■ Work to complete
Somewhere below, one line contains "Платье свадебное атласное" and a later line contains "Dette er en". Output those two lines and everything between them exactly, and nothing else.

■ Exercise materials

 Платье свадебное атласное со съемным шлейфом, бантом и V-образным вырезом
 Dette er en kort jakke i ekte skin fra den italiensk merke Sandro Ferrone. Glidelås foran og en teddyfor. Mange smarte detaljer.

--

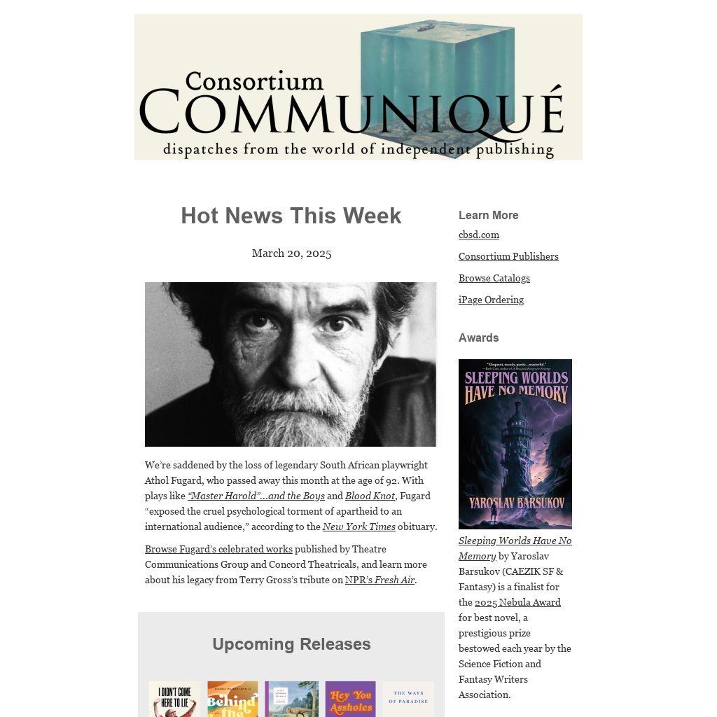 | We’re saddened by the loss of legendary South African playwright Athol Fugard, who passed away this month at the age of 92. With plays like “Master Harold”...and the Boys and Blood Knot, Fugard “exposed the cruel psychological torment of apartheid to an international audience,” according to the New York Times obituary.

■ Response to this task
 Платье свадебное атласное со съемным шлейфом, бантом и V-образным вырезом
 Dette er en kort jakke i ekte skin fra den italiensk merke Sandro Ferrone. Glidelås foran og en teddyfor. Mange smarte detaljer.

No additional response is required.